После Второй мировой оптимисты хотели верить, что с сожжёнными деревнями покончено. Победить третий рейх? Клаас многое бы отдал, чтобы забыть Самашки. Но он помнит. И знает, что помнить — это его участь и, может быть, долг.

Третий рейх напоминает о себе непрестанно: гарью напалма во Вьетнаме, сжигавшего мировой коммунизм, дымящимися руинами на Манхэттене, вонью испражнений 750 душ, захваченных в Москве во имя свободной Ичкерии и придушенных нервнопаралитическим газом во имя единой России. Клаас чуть ли не физически чувствовал через экран телевизора до тошноты знакомое зловоние. За кадрами, изображавшими торжествующую в Ираке солдатню, он видел горы трупов, обонял разлагающуюся человеческую плоть. Да, он мог понять и палачей, и их жертвы, ибо его семья и он сам познали участь обоих. Палач и жертва, словно сиамские близнецы, соединённые навеки узами ненависти и страха: они не в силах остановиться! Дахау, Аушвиц, Бухенвальд, Моздок, Чернокозово, Сребреница, Гуантанамо, Абу-Грейб. Сколько ещё? Сколько?

Третий рейх — его не вывести ни законами, ни верой, ни идеологией. Чем бы ты не разил его, он выхватит у тебя оружие и приставит тебе же к горлу. Он будет жечь тебя ради Христа и Магомета, ради Свободы, Равенства и Братства, ради Гитлера и Сталина, ради Демократии и Стабильности.

Всякий раз, когда Клаас смотрит на своё отражение в зеркале, он видит третий рейх. Но ему не даёт покоя вопрос: «Кто же больший преступник — я или та парочка…?»

— Телевизор смотрите? — спросил их Эдик. — Что в стране-то творится!

— Да ну их всех. Все они куплены, не одним, так другим. Мы от политики далеки, у нас своих проблем столько, что не знаешь, за что хвататься.

И ему предложили сходить вместе на концерт.

«От политики? — недоумевал Клаас. — Вы далеки от политики? Куплены…»

Эдик пришёл в тот вечер домой, и один единственный раз с ним случился припадок «чеченского синдрома». Пьяный в стельку, он бил посуду, опрокидывал мебель, орал:

— Политика? Сволочи! П******ы! Вам насрать на всё! Вы не хотите, чтобы вам показывали, как мы развлекались в Самашках? Вы хотите концерт?

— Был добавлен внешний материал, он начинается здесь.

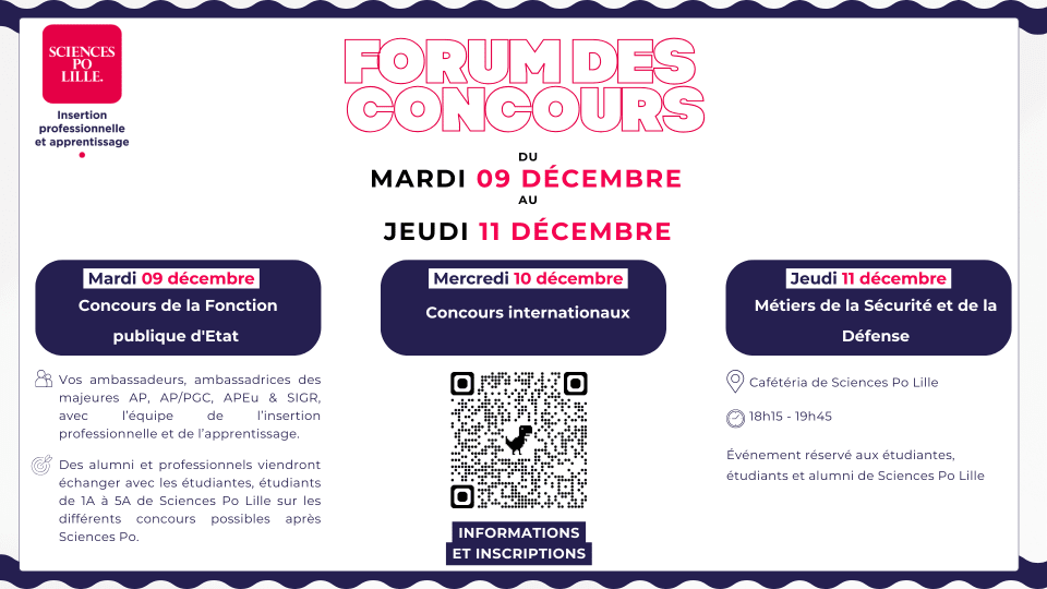 Étudiantes et étudiants de 1A à la 5A, rejoignez-nous pour découvrir, à travers les retours d’expérience d’alumni et d’invitées, invités, les concours, métiers et parcours accessibles après Sciences Po Lille.

Суки! Суки! Все вы продажные б***и! Вы хотите, чтобы мы убивали, жгли, резали, а вы будете музыку слушать! Х*р вам, суки! Вас гадов будут взрывать, по кусочкам резать! Вы за всё заплатите!

Протрезвев, он решил, что погорячился. За один вечер весь мусор не убрать. Тысяч на десять наколотил. А если гости придут? Стыдно будет.

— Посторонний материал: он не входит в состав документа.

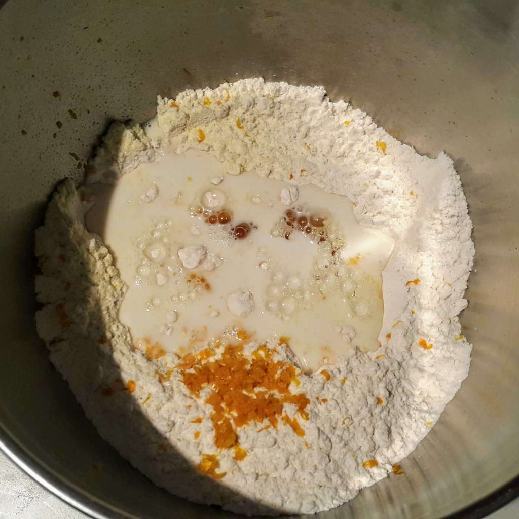 1. Combine flour, salt, sugar, yeast, milk, water and orange zest

«Да что я на них взъелся, — досадовал Эдик. — Сложись у меня жизнь иначе, и мне бы дела не было ни до Самашек, ни до ТВ. В чем они-то виноваты?»

Вспомнилась одна рассказанных Кларой историй. Они сидели ночью у костра в лесу где-то между Новгородом и Псковом.

— Во время стажировки мне случилось познакомиться с писательницей, — сказала она после долгого молчания, и, немного замявшись, добавила, — Не хочу называть её имя. Не знаю, почему-то не хочу. Может оттого, что история её слишком типична, тут важна история, а не конкретный человек. Знаешь, как в эпосе, героиня может называться как угодно, она ведь не личность, а типаж. Поэтому я назову эту писательницу N., просто N. Её повесть — эпос нашего времени. N. вела у нас семинары по немецкой литературе двадцатого века. Я решила прочесть хотя бы коротенький рассказ, чтобы составить себе представление об авторе. Открыла книгу и не смогла оторваться. Настолько сильно написано, с таким чувством… Речь шла о голодающих детях в Африке и о равнодушии сытых жителей благополучных стран. На семинаре я спросила её:

«Как Вам удалось так захватывающе написать. Это ведь избитая тема. Только скажи «голод», «Африка», «СПИД», и на лицах появляется скука.

«Причина успеха в том, — ответила N., — что я пишу не столько о детях и голоде, сколько об этой самой скуке, то есть о нас. Скука и равнодушие одного человека к страданиям другого — это моя личная трагедия. Большинство из нас так устроены, что по-настоящему нам важны лишь те темы, которые нас непосредственно касаются, а всё остальное… так, бутафория, декорации. Если в Судане от голода умирает ребёнок, а мне медицинский страховой фонд отказывается оплатить дорогостоящие лекарства, последнее меня беспокоит гораздо больше. Я чаще об этом думаю. Но равнодушие к страданиям — это не только проблема страдальца. Нет, это моя беда, в том смысле, что если я, человек, не способен активно сопереживать, значит я неполноценна, уродлива, значит я не вполне человек.»